Верх ее грудей, словно большие волдыри, вылезает из выреза непристойной майки, которая внизу приоткрывает ее пухлый животик и абрис ее глубокого пупка. Ахмад представляет себе, как ее гладкое тело, темнее карамели, но светлее шоколада, поджаривается в том воспламененном огне и, коробясь, покрывается пузырями; по телу его пробегает дрожь сострадания, поскольку Джорилин старается мило держаться с ним — в соответствии с тем, кем она себя воображает.
— Маленькая Популярная мисс, — презрительно произносит он.
Это ранит ее, и она отворачивается — толстые книги, что она несет домой, вдавливаются в ее груди, образуя между ними глубокую впадину.
— Да пошел ты, Ахмад, — говорит она все еще мягко, нерешительно, ее нижняя губа под собственным нежным весом немного опускается. Слюна у основания зубов сверкает отраженно от трубок дневного света, проложенных по верху коридора и надежно освещающих его. Желая спасти разговор, хотя она уже отвернулась и вроде бы закончила его, Джорилин добавляет: — Если бы тебе было безразлично, ты не красовался бы, каждый день меняя, точно священник, белые рубашки. И как только твоя мать выносит такую кучу глажки?

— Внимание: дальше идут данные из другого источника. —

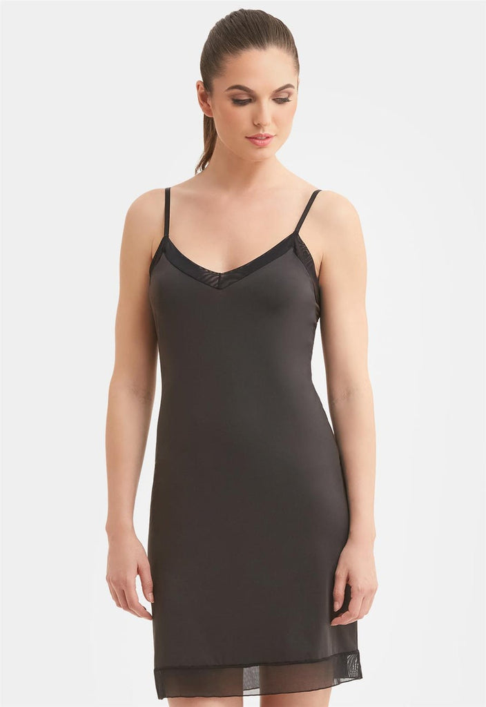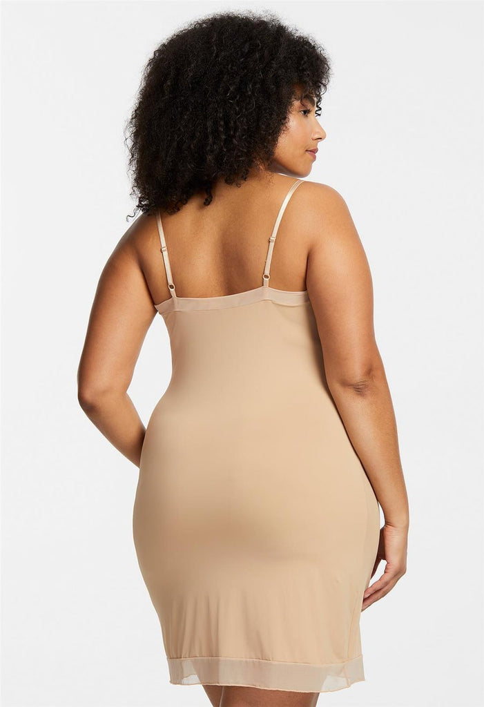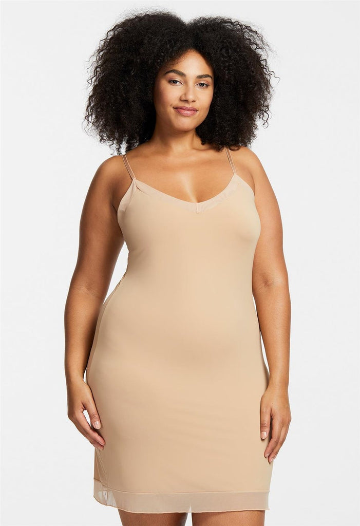 This soft and light full length slip smooths your silhouette and is easy to wear. Above the knee with adjustable straps and mesh details.

Он не снисходит до объяснения, что такой продуманный костюм указывает на его непричастность к сражающимся, что он избегает носить как синий цвет — цвет Бунтарей, банды афроамериканцев в Центральной школе, — так и красный, который всегда присутствует если не на поясе, то на головной повязке Дьяволов, банды испаноязычных. Не говорит он ей и того, что его мать редко гладит, так как работает помощницей медсестры в городской больнице имени Святого Фрэнсиса, а в свободное время пишет картины и видит сына обычно меньше часа в сутки. Рубашки его приходят натянутыми на картон из чистки, за которую он платит из тех денег, что зарабатывает в качестве клерка в «Секундочке» на Десятой улице, где он трудится по два вечера в неделю, а также по выходным и по христианским праздникам, когда большинство мальчишек его возраста бродят по улицам с дурными намерениями. Но он знает, что его костюм говорит о тщеславии, о желании покрасоваться, а это оскорбляет чистоту Всезнающего.